The dynamic duo’s first match in charge was a game against Latvia that Ireland won in a relatively impressive fashion, notwithstanding the opposition’s patent lack of quality and questionable motivation levels. Yet just as significant as the performance was the rapturous atmosphere it conjured. Save perhaps the pre-Euro 2012 match against Bosnia, it is hard to recall any home friendly in recent memory that created so much interest and enthusiasm among the supporters — and it could largely be attributed to that one decision to simply appoint these two legends of Irish football to oversee the team’s fortunes.

Granted, it’s invariably natural at the end of every year to maintain a positive outlook and hope that the next 12 months will be better, even in the most depressing of circumstances, and especially when it coincides with the onset of a new managerial team. On the other hand though, there remains a lack of any real evidence to support the contention that Keane and O’Neill will improve upon Trapattoni and Tardelli’s modest achievements.
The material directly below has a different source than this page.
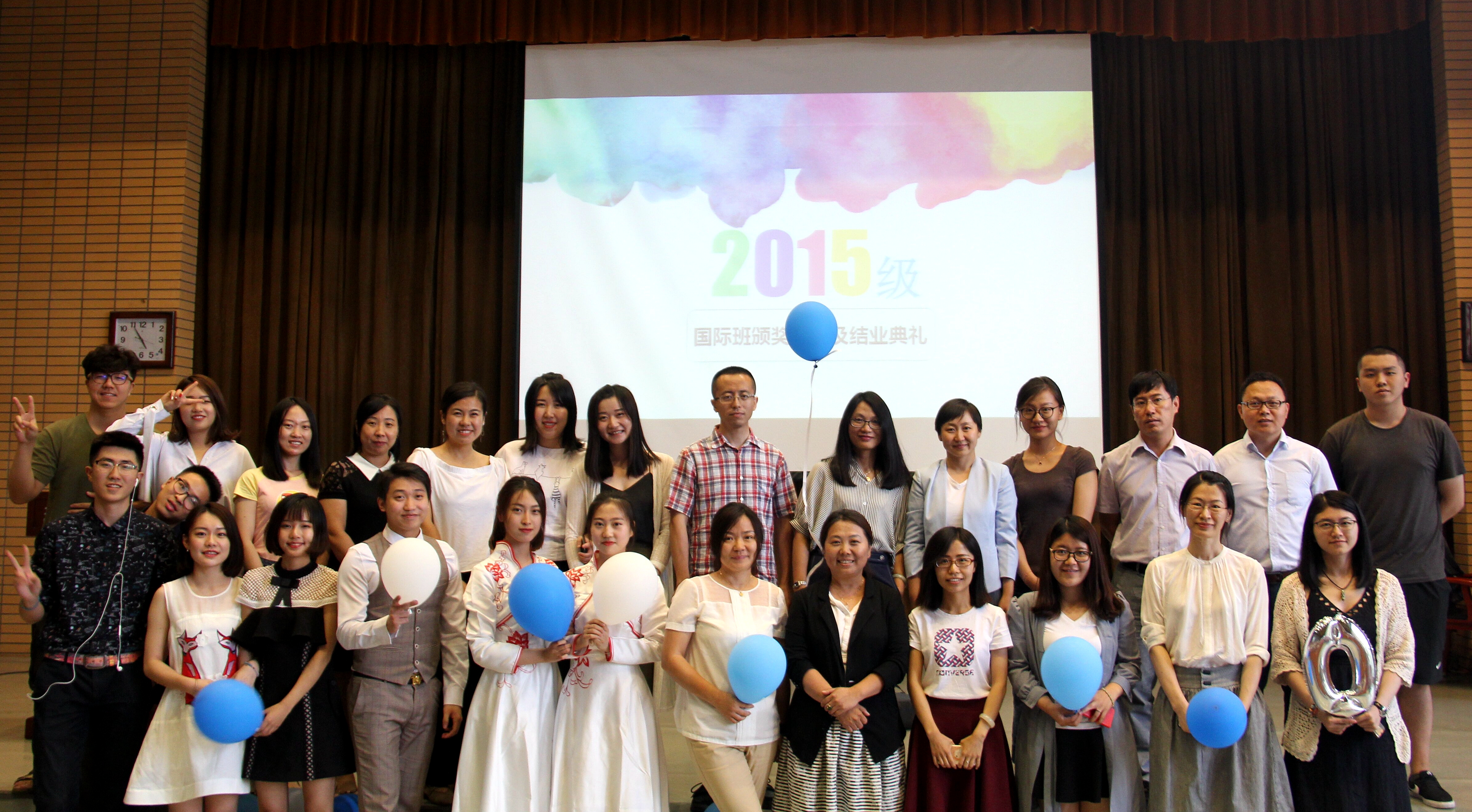 5月31日下午,2015级国际商学院国际班优秀学生颁奖仪式暨结业典礼在逸夫楼三阶举行。国际商学院院长牛华勇、党总支书记刘鹏、学生事务办公室主任李文斌、国际办公室主任章严平、教学办公室副主任蔡琳、招生办公室主任杨文娟等老师、以及2015级国际班全体学生参加了典礼。

However, just as this time last year, Irish fans will have hoped that the 6-1 loss to Germany was just an aberration, and that qualification for Brazil was still an eminent possibility, this year fans will be eager to overlook how ordinary the team appeared against any semi-decent opposition in the past few months and remain hopeful that MONKeano can renew the spirit and results of the side’s glory years.

With 23 places now available at the next Euros (in addition to France, who automatically qualify as hosts), the least Ireland should therefore be hoping for is qualification and an avoidance of the type of humiliation suffered in the summer of 2012 — especially by the standards of their two notoriously perfectionist coaches. Fans, naturally, will accordingly be optimistic that nothing will happen to change this perception in 2014.

Is such a mindset a little overly expectant? Possibly, but with Keane and O’Neill — two men who have spent the majority of their careers overachieving — at the helm, we can afford to dream a little, can’t we?